For Jacob, this journey down into Egypt was bittersweet. For over twenty years, he had believed his beloved son Joseph to be dead—and now he would get the chance to not only see Joseph again, but he would even live long enough to bless two of Joseph’s sons—Ephraim and Manasseh. But Jacob was an old man—with all the challenges that accompany old age. We hear Jacob tell Pharaoh that his 130 years of sojourning have been “few and evil.” No doubt, Jacob is recalling the treachery that he showed to his own brother—the lies that he told to his own father—and the many years spent looking over his shoulder as he fled from the fallout. Or, perhaps Jacob is lamenting his own failures as a husband and a father—perhaps recalling his inexcusable neglect of his wife Leah or even the later trouble that his sons caused when he neglected to protect the honor of his only daughter, Dinah.
You see, like many of us, Jacob’s life bore the scars of sin. The deep wrinkles in his aged face told the story of sleepless nights, heartache, anxiety, guilt, and sorrow. His strained relationships with his own flesh and blood make every interaction with his large family complicated—a mixture of joy and pain—a strange soup made up of both fatherly pride and fatherly shame.
And yet, though on a human level to Jacob these years seemed “few and evil,” the presence of God never leaves him and the promises of God never fail him. “Do not be afraid to go down to Egypt” the Lord tells Jacob in a dream. “I myself will go down with you…and I will also bring you up again.”
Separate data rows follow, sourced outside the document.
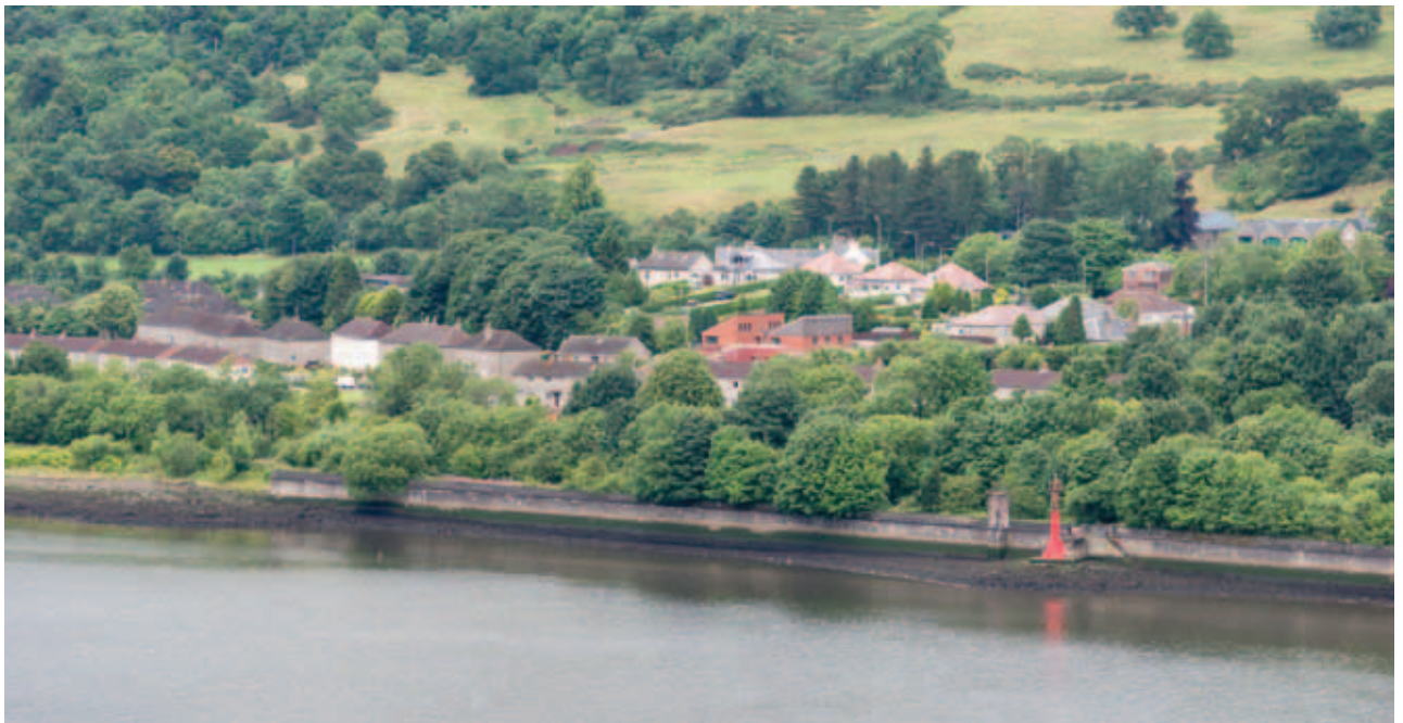
Olk Kilpatrick, site of the most westerly Roman fort on the Antonine Wall

It is hoped that by the end of this five-year management Plan period, the Antonine Wall will be more strongly positioned as a national and international visitor destination, that management and monitoring approaches will be more closely aligned internationally and, crucially, that people should continue to have the opportunity to actively contribute to the development of the World Heritage Site.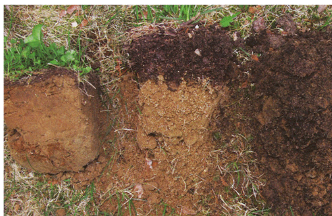
^ Figure 4: The soil on the left was transformed by regular addition of compost.

Many soils do not hold the maximum soil organic matter possible, which provides opportunity to improve current levels of soil organic carbon.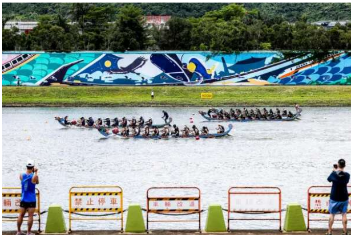
Day in Photos: Dragon Boat Race, Heavy Rainfall in Pakistan, and Young Malay Bear

How sweet these promises must have been to Jacob’s ears. Though he was temporarily leaving the land of promise, there was no place that he could go where he would find himself cut off from the presence of the promise-maker. The Lord would go with him and the Lord would bring him up again. Though Jacob no doubt knew that he would draw his final breath in Egypt, he took comfort in knowing that not even death can thwart the presence and the promise of the Lord. As a testimony to his faith, Jacob makes Joseph swear to bring his bones back to the land of Canaan because he knew that, one day, the Lord would breath life back into those dry bones and cause them to live again. Though his days on earth had been “few and evil,” he trusted the Lord’s promise to bring him up again out of the grave into the age of eternal blessing that he had sworn to give his grandfather Abraham and to his father Isaac and also to him.
God’s promise to be present with his people and to bring them back up doesn’t end with Jacob. Rather, it finds its fulfillment in Christ. The son of Abraham, Isaac, and Jacob who redeemed their “few and evil” days by spilling his holy and precious blood and who God raised up from the grave to show up that he would not leave our dry bones to decay into dust but would, one day, by the power of his word speak the command that will cause those bones to live again and enter an age of eternal life lived in his presence.
Though our days of sojourning here in this world may also appear to be “few and evil,” and even if your journey should at last lead your body to lie in the grave—rest assured that even there—the Lord himself will be with you…and on the Last Day he will also bring you up again.